## TASK DETAILS
In the listing below, find the line with "Depuis l'écran d'accueil, vous" and the line with "[12663761]安卓Q-V8-至尊星", then return them and every line between them exactly, minus the pictures.

## RECORDED INFORMATION
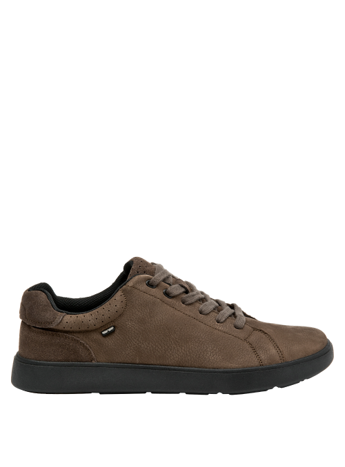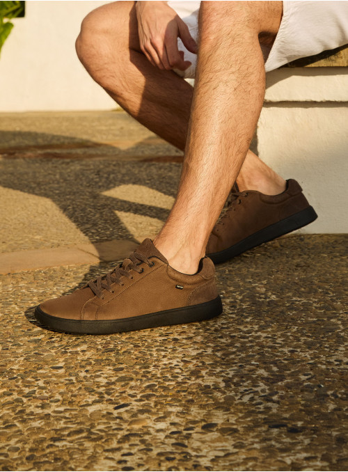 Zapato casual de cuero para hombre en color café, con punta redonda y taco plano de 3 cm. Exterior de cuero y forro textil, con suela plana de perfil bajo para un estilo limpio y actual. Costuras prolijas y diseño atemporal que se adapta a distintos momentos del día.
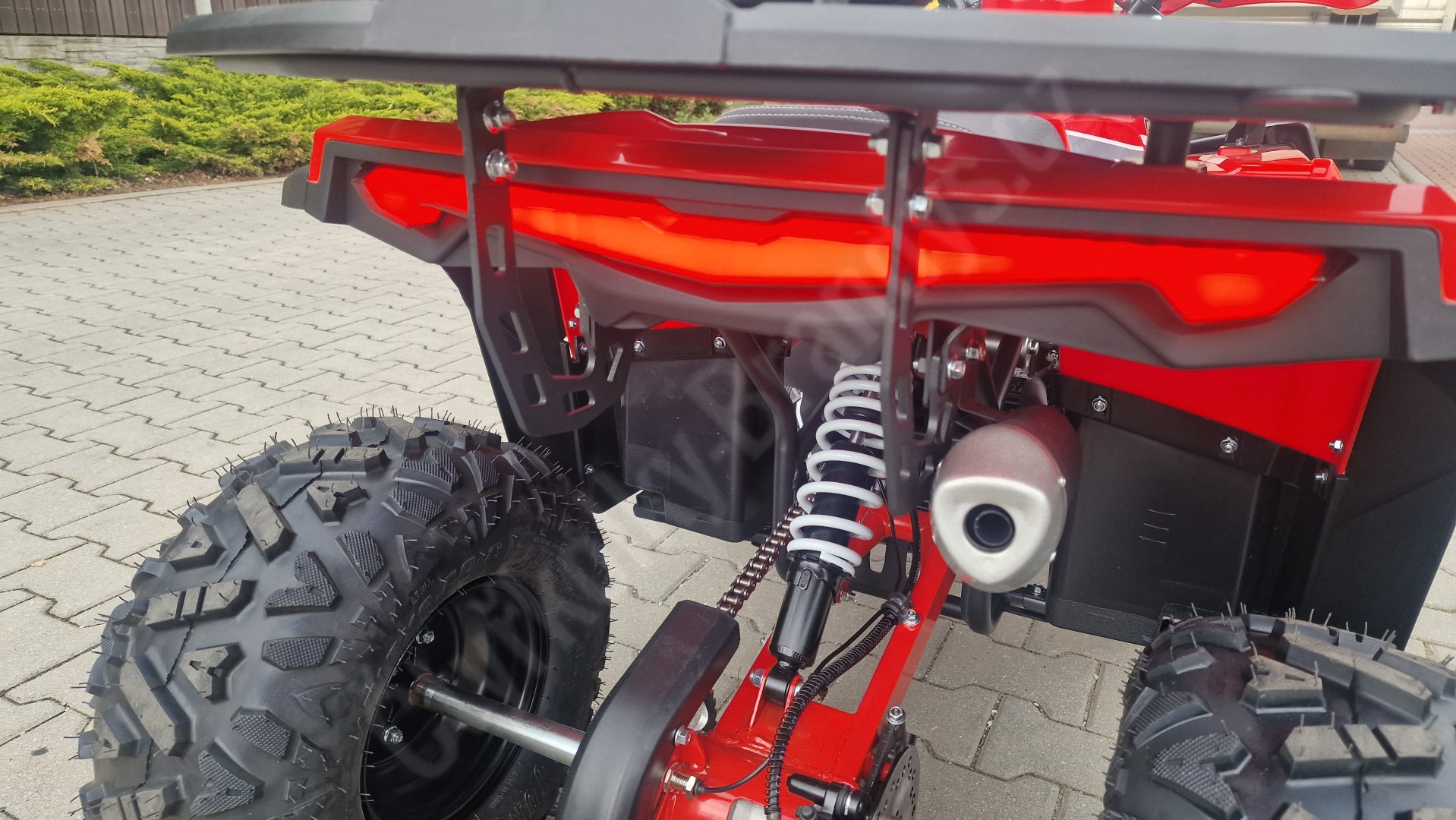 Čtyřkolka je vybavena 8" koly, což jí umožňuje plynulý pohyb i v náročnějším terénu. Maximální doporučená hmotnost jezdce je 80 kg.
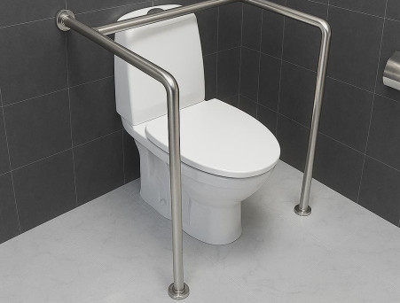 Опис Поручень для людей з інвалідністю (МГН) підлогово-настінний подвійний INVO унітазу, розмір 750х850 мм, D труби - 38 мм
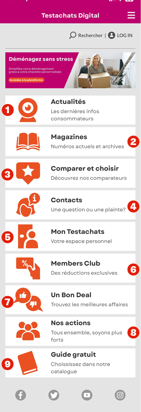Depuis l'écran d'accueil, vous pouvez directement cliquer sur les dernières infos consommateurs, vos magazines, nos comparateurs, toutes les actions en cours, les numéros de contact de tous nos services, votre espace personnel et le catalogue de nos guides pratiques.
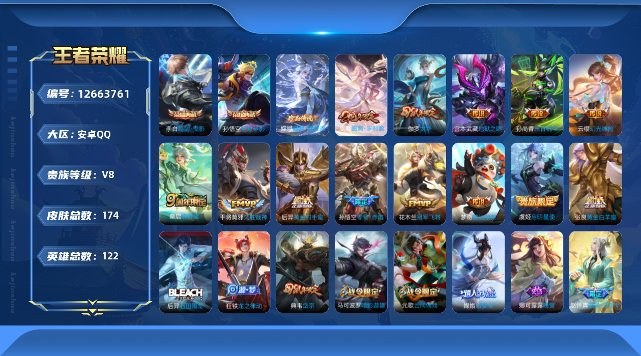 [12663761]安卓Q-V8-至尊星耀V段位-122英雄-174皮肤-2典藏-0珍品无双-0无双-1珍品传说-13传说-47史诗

---

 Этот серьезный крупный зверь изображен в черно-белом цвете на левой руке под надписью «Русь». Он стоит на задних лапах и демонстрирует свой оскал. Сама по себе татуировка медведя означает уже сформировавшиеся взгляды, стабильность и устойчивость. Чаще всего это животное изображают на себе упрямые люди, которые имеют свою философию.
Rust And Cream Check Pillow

## RESPONSE
Depuis l'écran d'accueil, vous pouvez directement cliquer sur les dernières infos consommateurs, vos magazines, nos comparateurs, toutes les actions en cours, les numéros de contact de tous nos services, votre espace personnel et le catalogue de nos guides pratiques.
 [12663761]安卓Q-V8-至尊星耀V段位-122英雄-174皮肤-2典藏-0珍品无双-0无双-1珍品传说-13传说-47史诗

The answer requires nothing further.